Segment Start: EXERCISE DATA

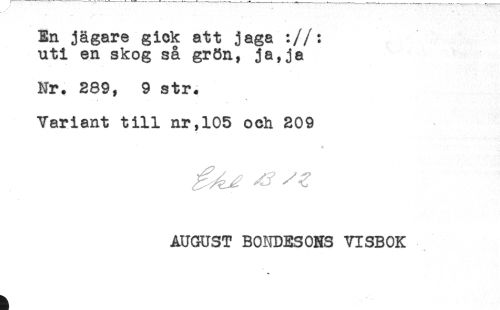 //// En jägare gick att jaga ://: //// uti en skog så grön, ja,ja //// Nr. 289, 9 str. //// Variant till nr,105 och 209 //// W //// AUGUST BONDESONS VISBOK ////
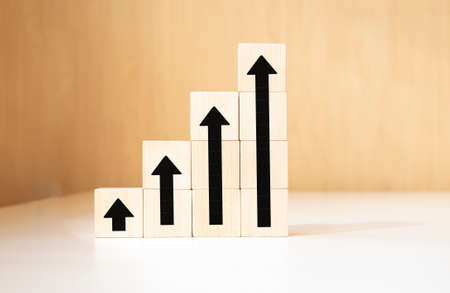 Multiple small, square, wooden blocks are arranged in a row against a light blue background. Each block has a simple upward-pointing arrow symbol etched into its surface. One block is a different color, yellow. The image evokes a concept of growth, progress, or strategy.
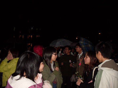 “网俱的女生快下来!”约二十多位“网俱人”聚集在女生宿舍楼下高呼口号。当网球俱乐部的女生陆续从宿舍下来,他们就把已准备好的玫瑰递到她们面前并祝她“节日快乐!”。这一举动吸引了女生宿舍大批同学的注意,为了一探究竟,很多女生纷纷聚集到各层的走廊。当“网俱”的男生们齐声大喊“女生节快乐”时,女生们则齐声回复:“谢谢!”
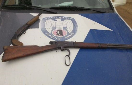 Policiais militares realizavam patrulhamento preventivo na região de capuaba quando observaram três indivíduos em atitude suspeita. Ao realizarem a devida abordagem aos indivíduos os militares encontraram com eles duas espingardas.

Segment End: EXERCISE DATA

**WHAT TO WORK ON**
Everything in the listing is to be returned word for word, except the pictures.

**TASK ANSWER**
 //// En jägare gick att jaga ://: //// uti en skog så grön, ja,ja //// Nr. 289, 9 str. //// Variant till nr,105 och 209 //// W //// AUGUST BONDESONS VISBOK ////
 Multiple small, square, wooden blocks are arranged in a row against a light blue background. Each block has a simple upward-pointing arrow symbol etched into its surface. One block is a different color, yellow. The image evokes a concept of growth, progress, or strategy.
 “网俱的女生快下来!”约二十多位“网俱人”聚集在女生宿舍楼下高呼口号。当网球俱乐部的女生陆续从宿舍下来,他们就把已准备好的玫瑰递到她们面前并祝她“节日快乐!”。这一举动吸引了女生宿舍大批同学的注意,为了一探究竟,很多女生纷纷聚集到各层的走廊。当“网俱”的男生们齐声大喊“女生节快乐”时,女生们则齐声回复:“谢谢!”
 Policiais militares realizavam patrulhamento preventivo na região de capuaba quando observaram três indivíduos em atitude suspeita. Ao realizarem a devida abordagem aos indivíduos os militares encontraram com eles duas espingardas.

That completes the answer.